Tag: Toronto Star

Reading of the Week: Substances, Substances, Substances – Papers from CJP & JMIR, and Dr. Devine on Our Federal Strategy

From the Editor

Creams, gummies, drinks. Cannabidiol (CBD) is increasingly popular and found in various products. Given its supposed benefits, including as an anxiolytic, could CBD be part of a harm reduction strategy?

In new paper for The Canadian Journal of Psychiatry, Lindsay A. Lo (of the University of Toronto) and her co-authors attempt to answer that question with a rapid review of 27 studies, including 5 randomized trials, covering opioids, cocaine, and polydrug use. “Low-quality evidence suggests that CBD may reduce drug cravings and other addiction-related symptoms and that CBD may have utility as an adjunct harm reduction strategy for people who use drugs.” We discuss the paper and its implications.

In the second selection, Dr.

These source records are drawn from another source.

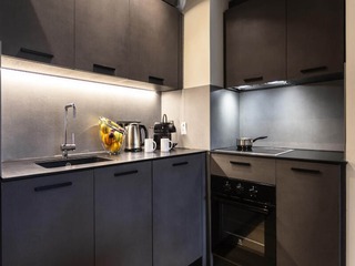 1-room studio 25 m2 on 5th floor, south-west facing position. Living/dining room with 1 sofabed (140 cm, length 190 cm), 1 double sofabed (140 cm, length 190 cm), TV. Kitchenette (oven, 2 ceramic glass hob hotplates, kettle, microwave, e...
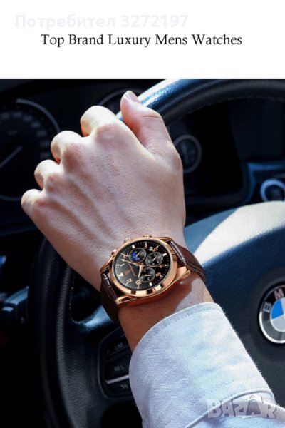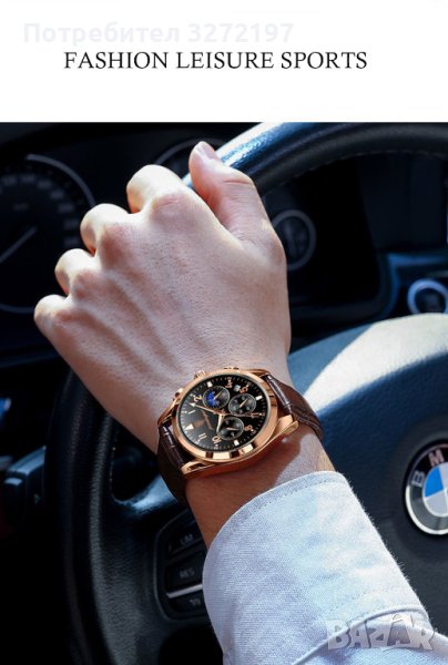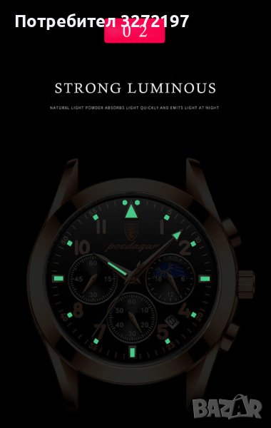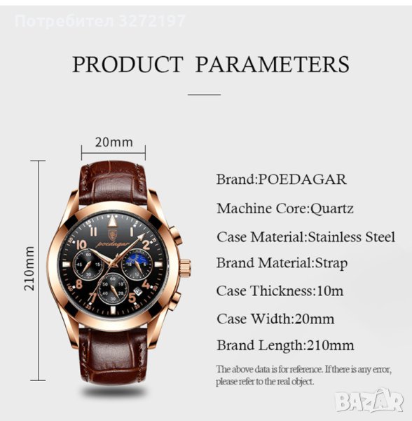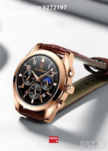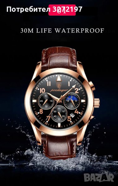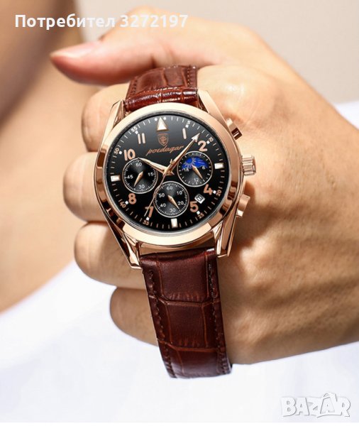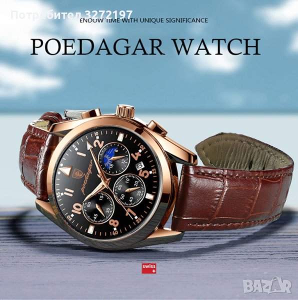 POEDAGAR - кварцов часовник,дата,кожена каишка
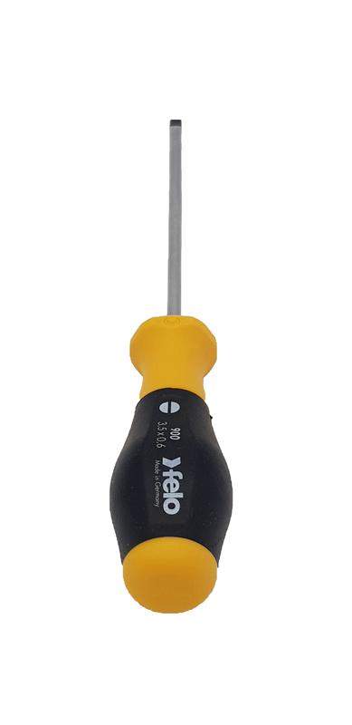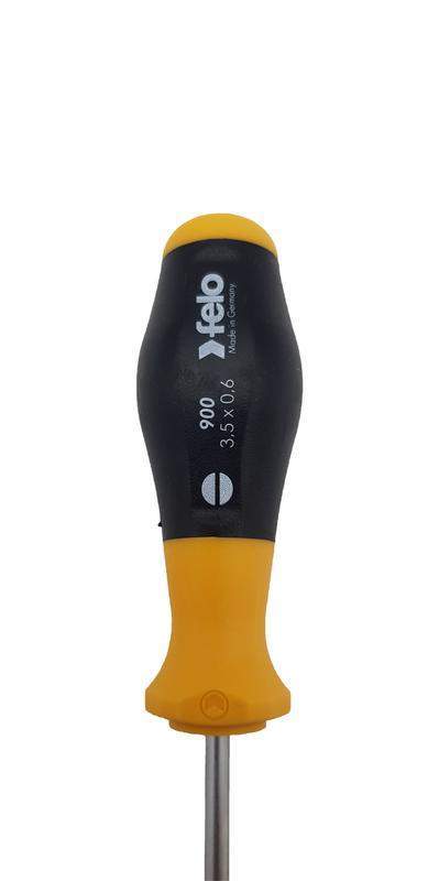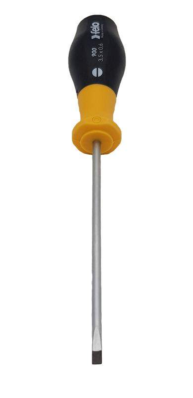 Отвертка шлицевая серии 900 предназначена для работ с крепежом SL 3,5х0,6. Эргономичный дизайн рукоятки и противоскользящий материал (Soft Grip) помогает обеспечить наибольшую передачу усилия. Специальный дизайн двухкопонентной рукоятки не позволяет инструменту скатываться с поверхности. Лезвия изготовлены из специальной хромомолибден-ванадиевой стали для достижения наилучшего результата при работе! Точная посадка в крепеж обеспечивается за счет черного наконечника (Black-Tip).
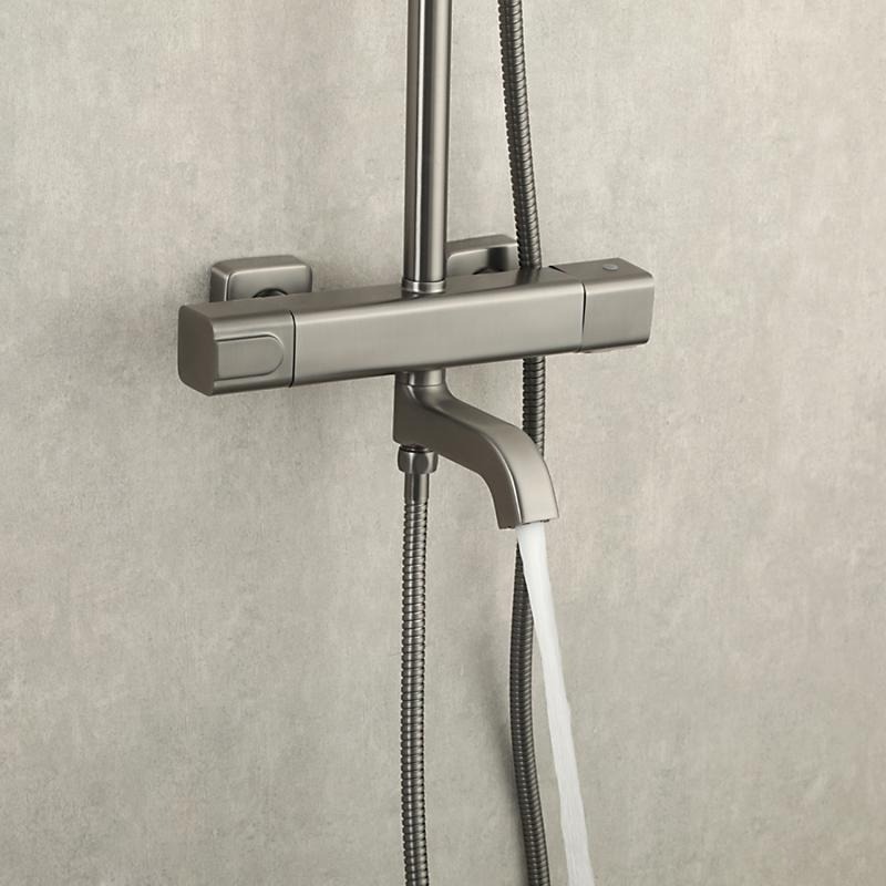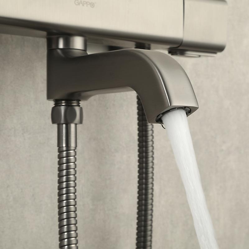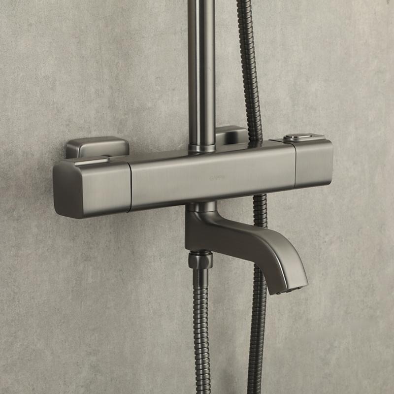 Душевая стойка с термостатом и выдвижным изливом Gappo G2491-9, материал - латунь, цвет - оружейная сталь.
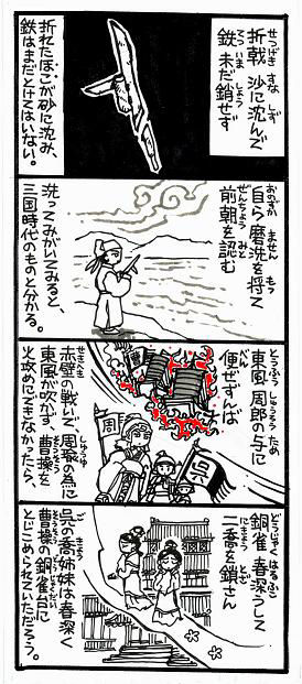 もし、あの戦いで、曹操の船を火攻めにできなかったら…という、歴史の「もし」を描く詩ですが、そこに、呉の名花たる大喬・小喬の姉妹を登場させ、華を添えています。
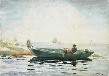 | Keywords: Winslow Homer - The Green Dory.jpg Artwork Creator Winslow Homer 1880 Watercolor pencil paper cm 34 9 49 9 institution Museum of Fine Arts Boston Not on view accession number 42 538 object history Lent by Dr Arthur T Cabot Jan 30 1911 Returned March 11 1911 Relent by Mrs Arthur Tracy Cabot June 28 1938 Returned January 17 1939 Bequest of Arthur Tracy Cabot Mrs Cabot waiving life interest November 12 1942 credit line Bequest of Dr Arthur Tracy Cabot exhibition history HOMER ~ lower right signature http //www mfa org/collections/object/the-green-dory-4827 Museum of Fine Arts Boston PD-old-100-1923 1910 DEFAULTSORT Homer Winslow; Boys in a Dory 1880; MFA Watercolor paintings by Winslow Homer Paintings by Winslow Homer in the Museum of Fine Arts Boston 1880s paintings by Winslow Homer 1880 Boys in a Dory MFA Dory boats in art |
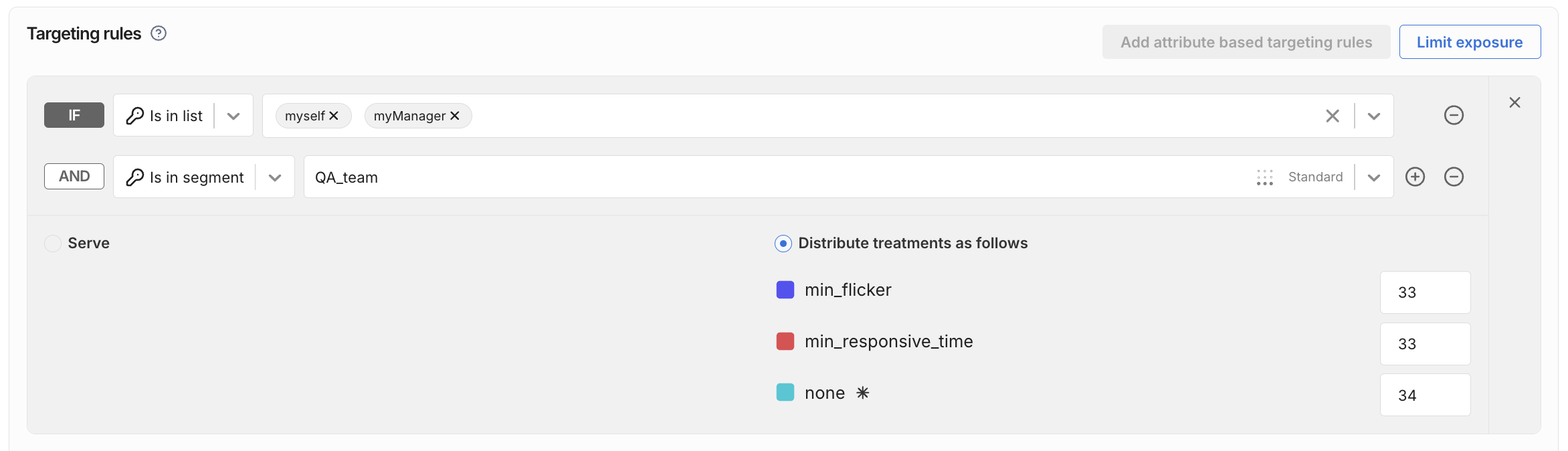 Click Add attribute based targeting rules to assign individual users or segments to a selected treatment or percentage distribution.
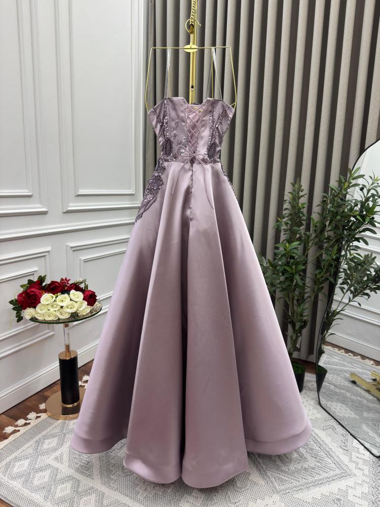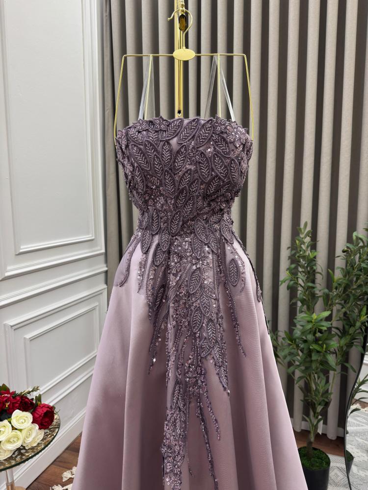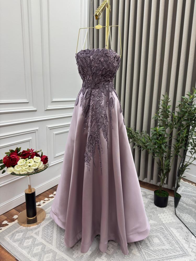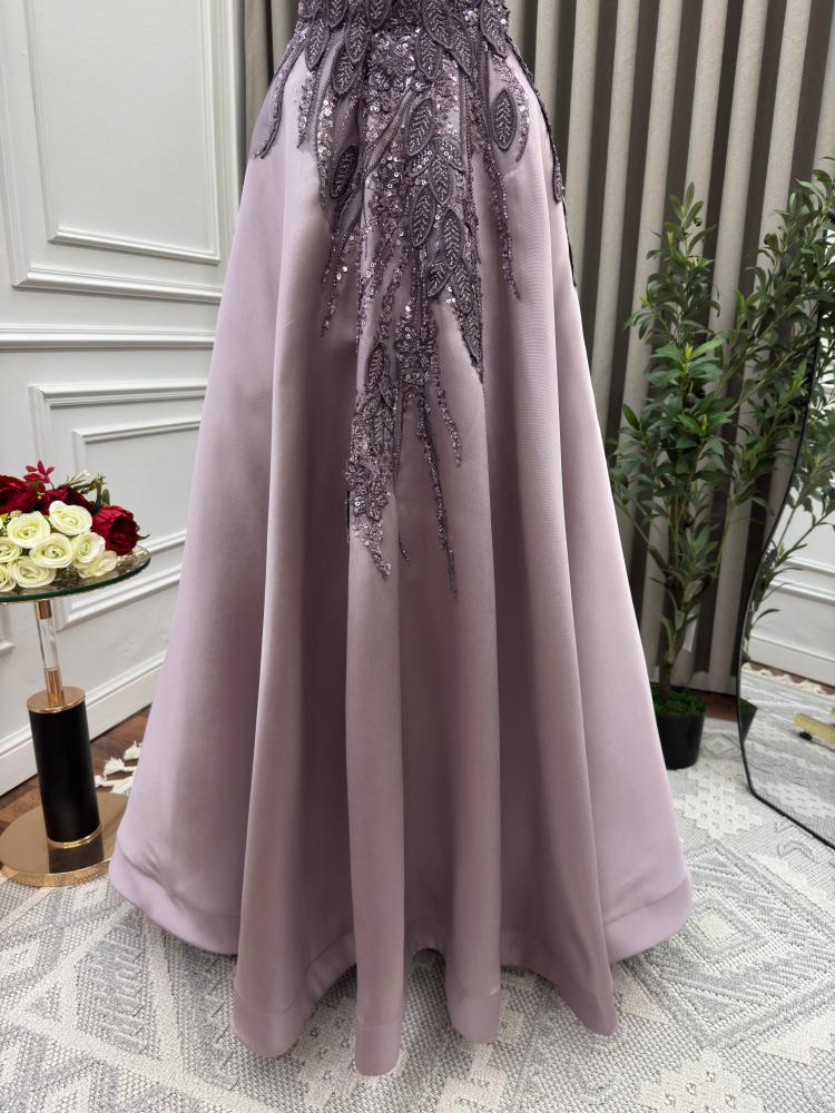 - اللون: بدرجة أنيقة من البنفسجي الفاتح (Lilac) مما يجعله مناسباً للمناسبات الفخمة مثل السهرات وحفلات الزفاف.
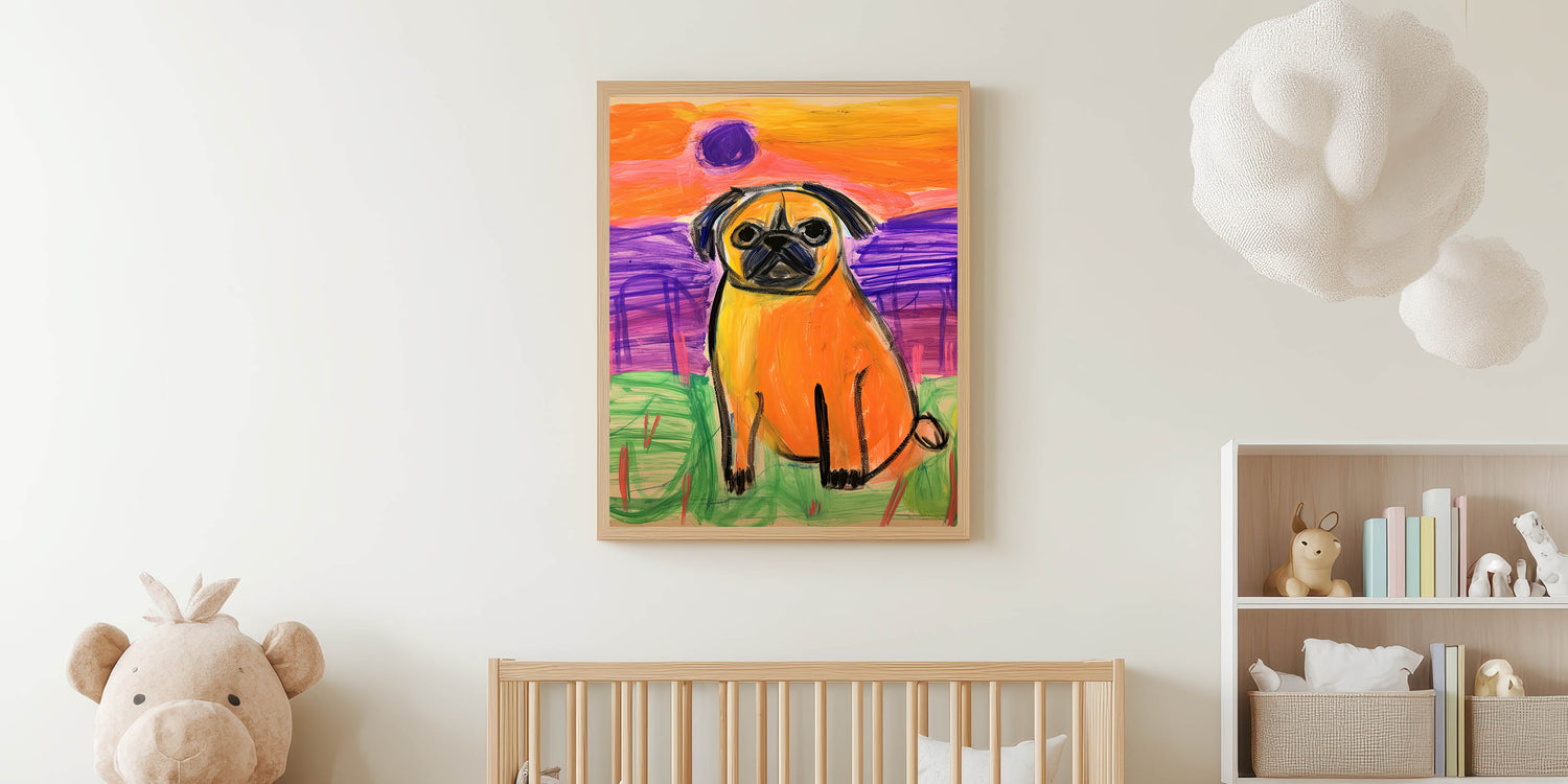 Kids Room Wall Art – Playful Pug Dog Sunset Painting

Braden O’Neill (of the University of Toronto) and his co-authors consider cannabis clinic websites. Focusing on Ontario, they find 29 clinic websites. In new paper for Journal of Medical Internet Research, they look at the claims made, and analyze the supporting literature. “The recommendation of cannabis as a general therapeutic for many indications unsupported by high-quality evidence is potentially misleading for medical practitioners and patients.”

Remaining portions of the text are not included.